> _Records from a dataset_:
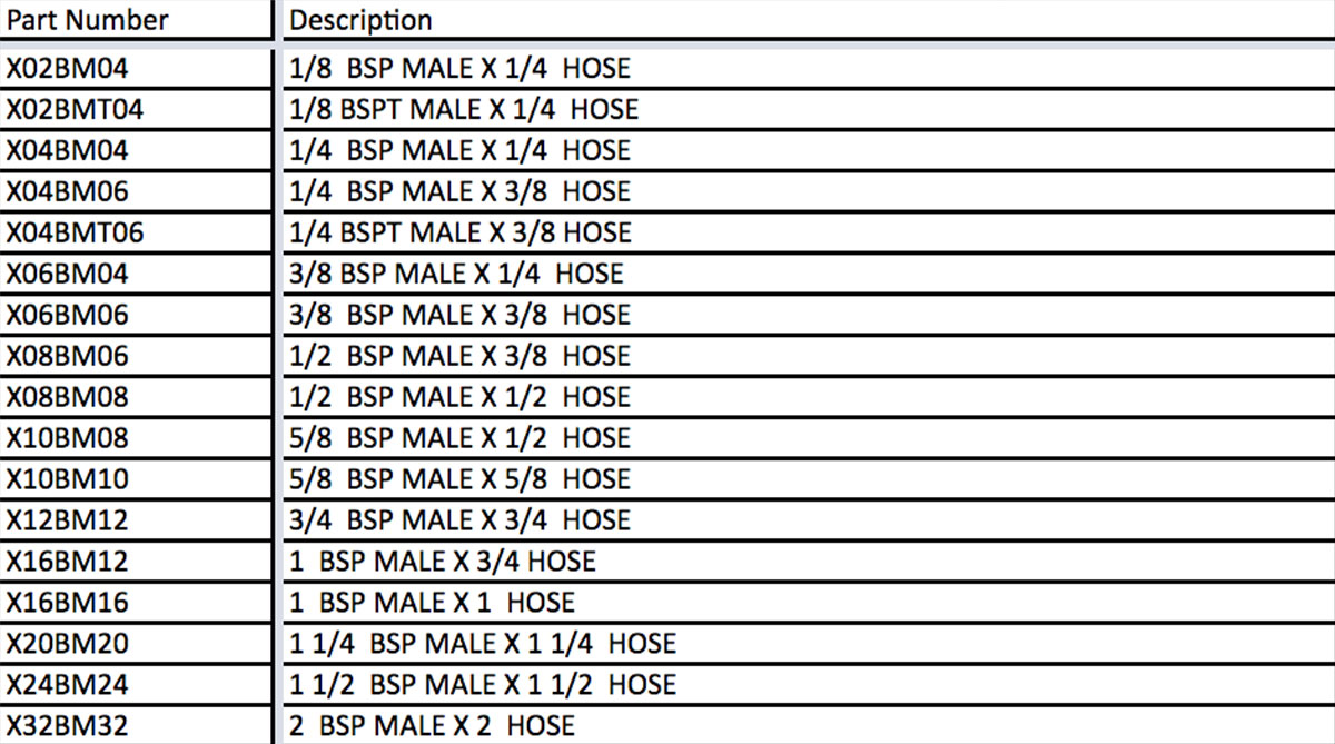 X02BM04 X02BMT04 X04BM04 X04BM06 X04BMT06 X06BM04 X06BM06 X08BM06 X08BM08 X10BM08 X10BM10 X12BM12 X16BM12 X16BM16 X20BM20 X24BM24 X32BM32
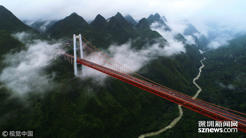 ??? 深圳新聞網(wǎng)訊? 畢都高速公路北盤江大橋是杭瑞高速公路畢都段的控制性工程,位于貴州省和云南省交界處,由貴州省和云南省共建。該橋橋面至江面高差達(dá) 565 米,成為目前世界第一高橋。主橋為鋼桁梁斜拉橋,主跨 720 米,目前位居同類型橋梁2016 年12 月 29 日正式通車。
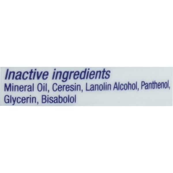 Inactive Ingredients: Mineral Oil, Ceresin, Lanolin Alcohol, Panthenol, Glycerin, Bisabolol
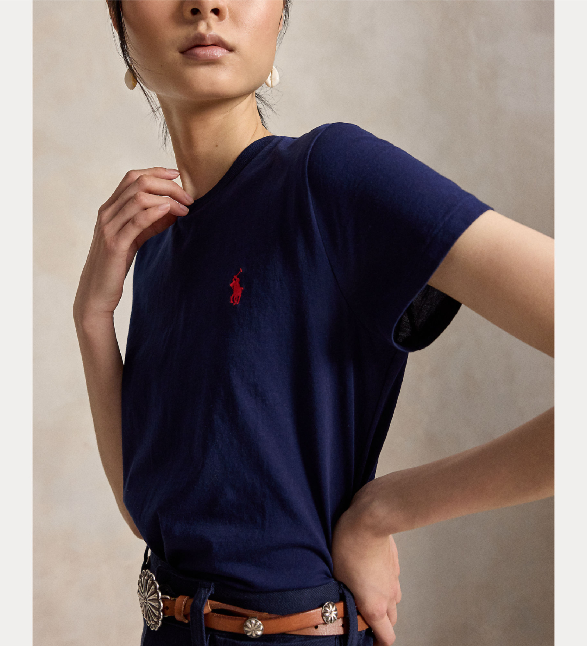 Confeccionada em jersey de algodão leve e tingido, esta T-shirt de gola redonda é um clássico Polo. Apresenta o nosso cavalo bordado no peito para um toque distinto.
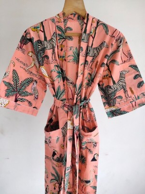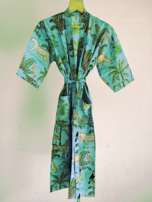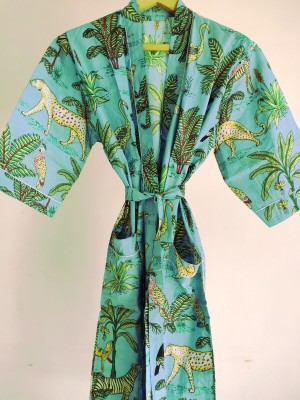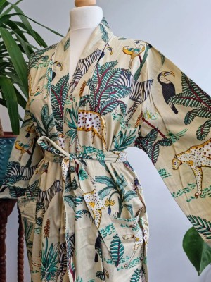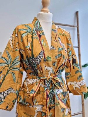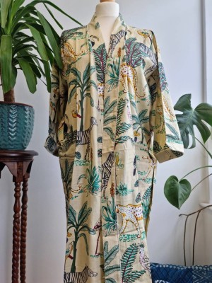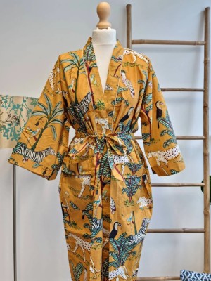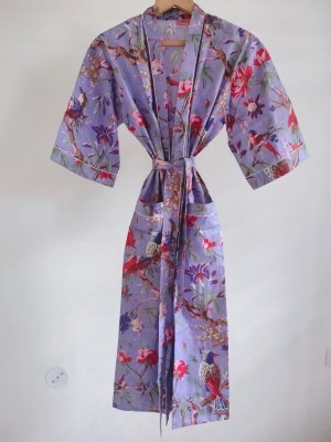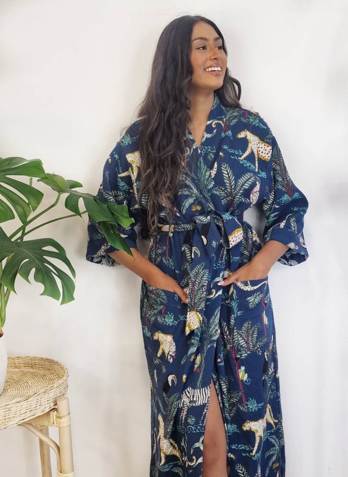 Cotton Kimono robes are perfect for lounging around the home or spa. Use our floral patchwork print robe as a cover up on the beach or after a dip in the pool. Add a luxury and boho feel to your bridal shower. Versatile, soft and luxurious, our 100% cotton kimono robes are printed with natural free dyes.
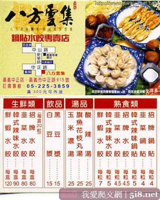 [八方雲集Menu菜單]價目表價錢價格價位網誌食記 | 加盟門市分店外送訂餐電話地址營業時間 // <![CDATA[ google_ad_client = "ca-pub-5253411006856269"; /* PIXNET#B */ google_ad_slot = "8308019879"; google_ad_width = 200; google_ad_height = 90; // ]]> // <![CDATA[ // ]]> // <![CDATA[ google_ad_client = "ca-pub-5253411006856269"; /* PIXNET#B */ google_ad_slot = "8308019879"; google_ad_width = 200; google_ad_height = 90; // ]]> // <![CDATA[ // ]]> // <![CDATA[ google_ad_client = "ca-pub-5253411006856269"; /* PIXNET#B */ google_ad_slot = "8308019879"; google_ad_width = 200; google_ad_height = 90; // ]]> // <![CDATA[ // ]]> [八方雲集鍋貼水餃專賣店]全省。菜單價目表 附上知名鍋貼連鎖店之一的八方雲集鍋貼專賣店,讓大家參考方便點餐,他們也有官方網站哦 (剛剛手爬機試了好像不通ing~)
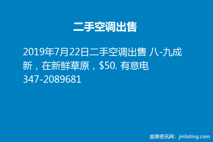 二手空调出售 八-九成新,在新鲜草原,$50. 有意电347-2089681
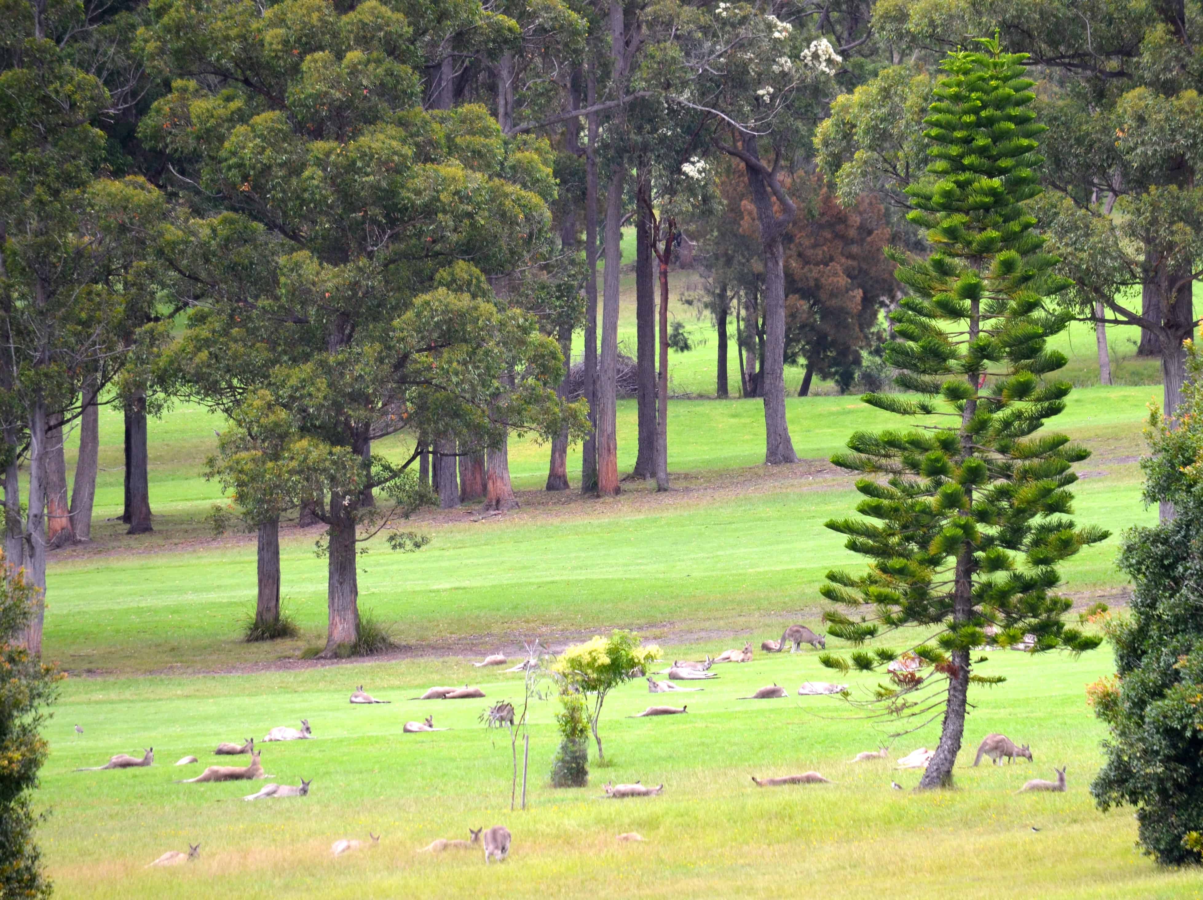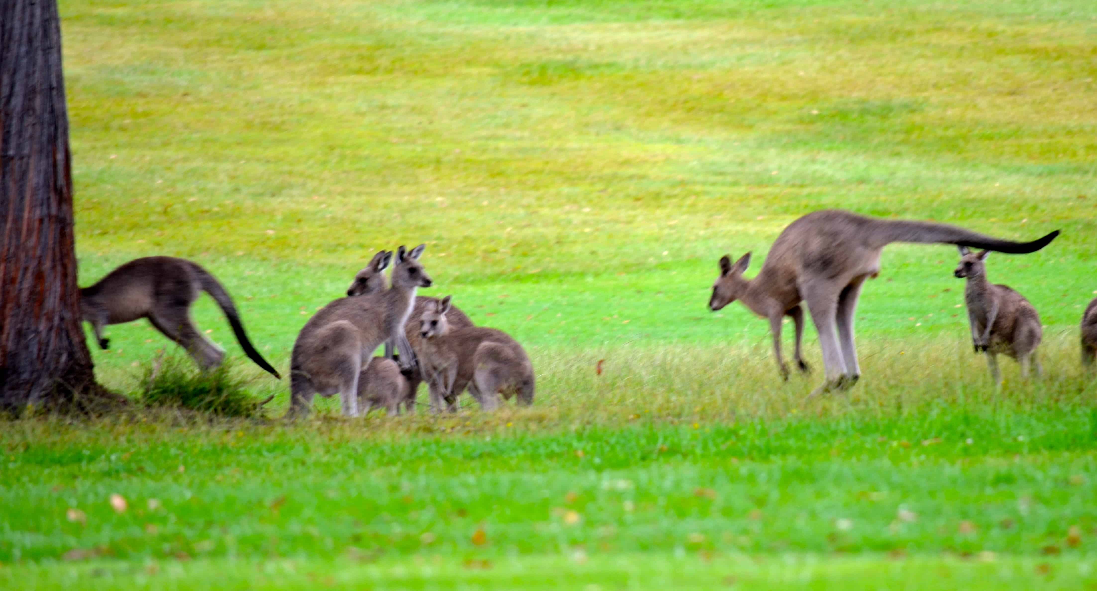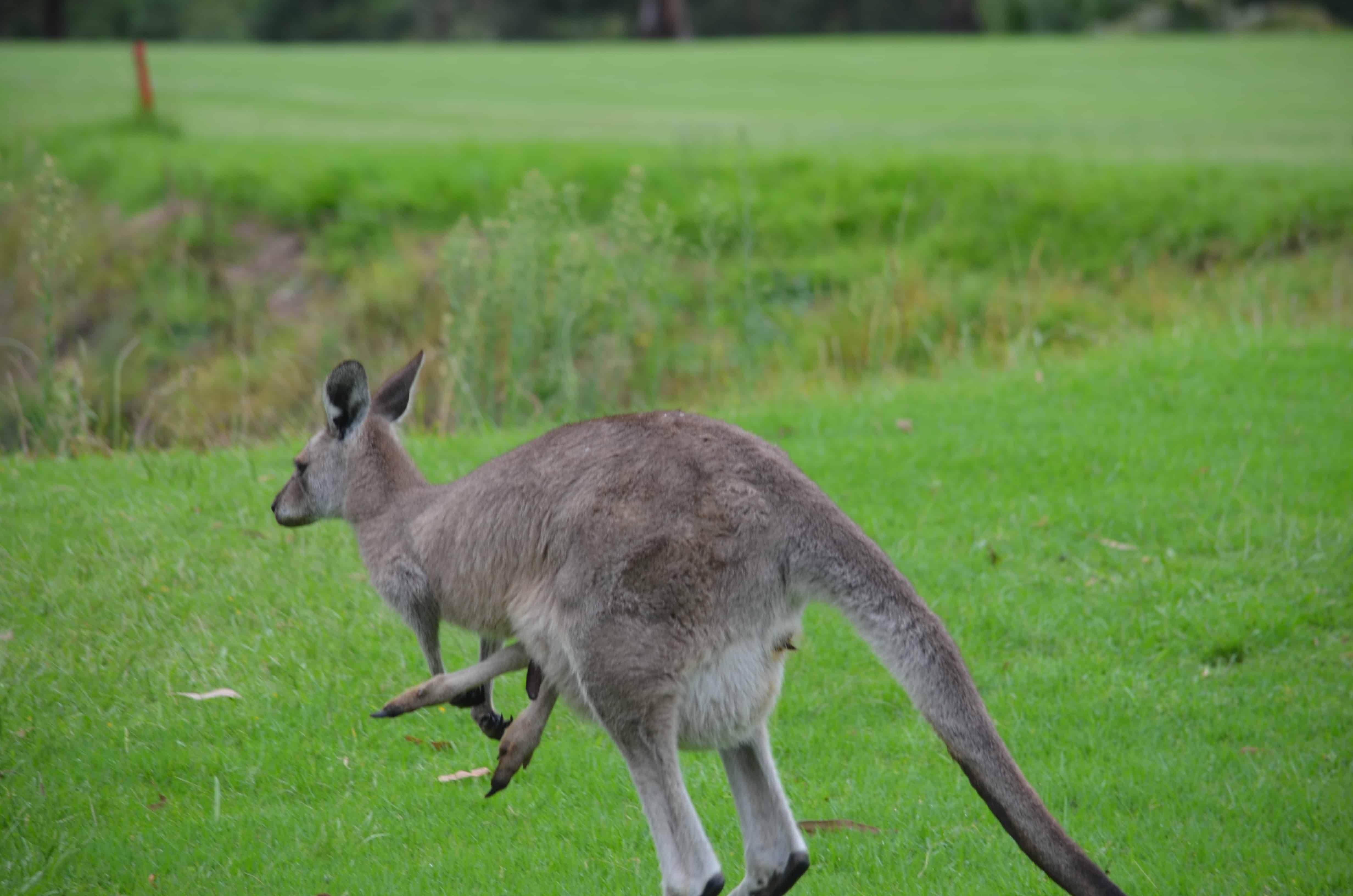 The next morning we drove across the street to the Eden Golf Club for our 8:30 tee time. In the pro shop the pro told us they did have Kangaroos and they were friendlier than the ones at Anglesea and off we went. Not long after starting we began to see tens of kangaroos laying down on the fairways and others feeding on the grass. Amazing, we saw a female with the Joey sleeping in the pouch (lead picture), head dangling. We continued to play, the course was in fantastic condition and a excellent test of golf. We passed another mom kangaroo and the Joe’s feet were hanging out of the pouch guess he was feeding. What a day was had by all! Enjoy Eden Golf Club.
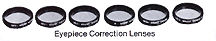 These are accessory lenses that screw into the viewfinder eyepiece to enable near- and farsighted photographers to take pictures without having to wear eyeglasses.Nine models are available, offering a choice of the following dioptres: -5, -4, -3, -2, 0, +0.5, +1, +2 and +3; the dioptres represent the combined dioptre of the viewfinder and the lens, and not the dioptre of the eyepiece correction lens only.
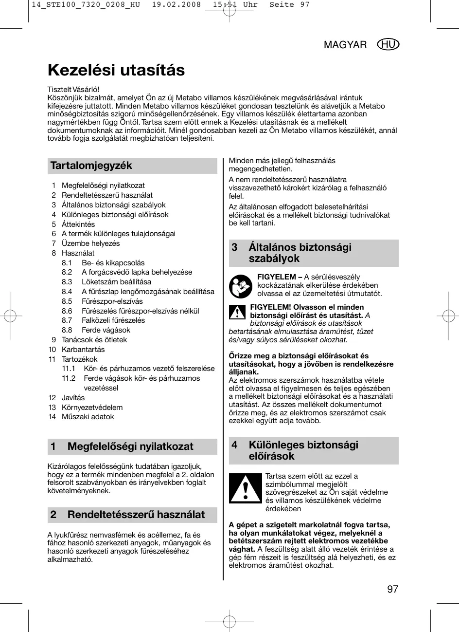 15:51 Uhr Seite 97 MAGYAR Kezelési utasítás Tisztelt Vásárló! Köszönjük bizalmát, amelyet Ön az új Metabo villamos készülékének megvásárlásával irántuk kifejezésre juttatott. Minden Metabo villamos készüléket gondosan tesztelünk és alávetjük a Metabo minőségbiztosítás szigorú minőségellenőrzésének. Egy villamos készülék élettartama azonban nagymértékben függ Öntől. Tartsa szem előtt ennek a Kezelési utasításnak és a mellékelt dokumentumoknak az információit. Minél gondosabban kezeli az Ön Metabo villamos készülékét, annál tovább fogja szolgálatát megbízhatóan teljesíteni. Tartalomjegyzék
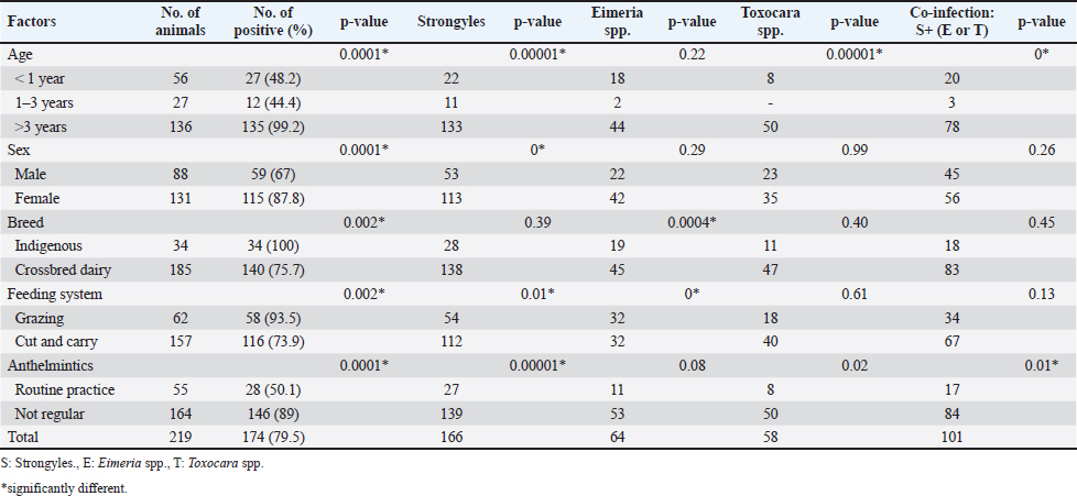 A Pearson chi-square test was conducted using SPSS version 28.0 (IBM Corp., NY, USA), to assess associations between the occurrence of infection, as determined by microscopic identification, and selected parameters: age, sex, breed, feeding system, and anthelmintic use. In addition, multiple regression analyses were conducted to evaluate the simultaneous effects of these variables on each parasite infection status. The analysis was performed using a 95% confidence interval, with a p-value <0.05 considered statistically significant.
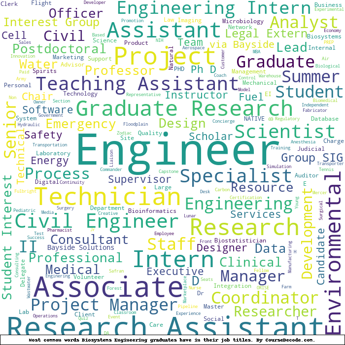 Here is a visual representation of the most common words in job titles for Biosystems Engineering graduates:
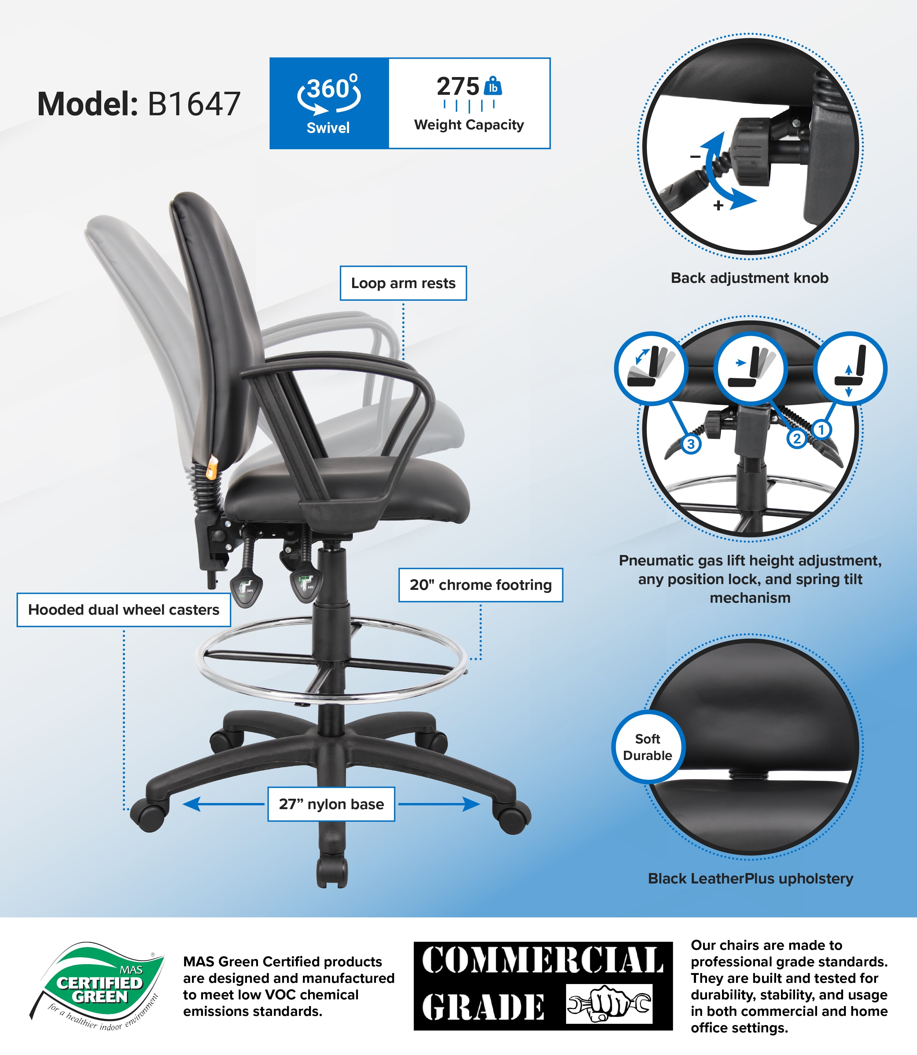 Durable LeatherPlus Upholstery – Combines leather and polyurethane for a soft, long-lasting finish. Pneumatic Gas Lift – Easily adjust seat height to match your workspace. 20-Inch Chrome Footring – Provides leg and foot support for added comfort. 27-Inch Black Nylon Base – Ensures stability and balance while you work. Hooded Double Wheel Casters – Allow smooth movement across most floor types. Loop Arms – Offer comfortable, natural support for your arms. MAS Certified Green for low VOC emissions Assembly required Overall dimensions: 27″W x 35.5″D x 43.5 – 48″H Seat height: 26″ – 29.5″ Seat size: 19.5″W x 17.5″D Back size: 17.5″W X 18.5″H Arm height: 33.5-37″ H Weight capacity: 275 lbs.

> _Instructions for the task_: All lines from the beginning of the entries above to the line containing "Inactive Ingredients: Mineral", inclusive, should be printed exactly, apart from the pictures.

> _Your response_:
 X02BM04 X02BMT04 X04BM04 X04BM06 X04BMT06 X06BM04 X06BM06 X08BM06 X08BM08 X10BM08 X10BM10 X12BM12 X16BM12 X16BM16 X20BM20 X24BM24 X32BM32
 ??? 深圳新聞網(wǎng)訊? 畢都高速公路北盤江大橋是杭瑞高速公路畢都段的控制性工程,位于貴州省和云南省交界處,由貴州省和云南省共建。該橋橋面至江面高差達(dá) 565 米,成為目前世界第一高橋。主橋為鋼桁梁斜拉橋,主跨 720 米,目前位居同類型橋梁2016 年12 月 29 日正式通車。
 Inactive Ingredients: Mineral Oil, Ceresin, Lanolin Alcohol, Panthenol, Glycerin, Bisabolol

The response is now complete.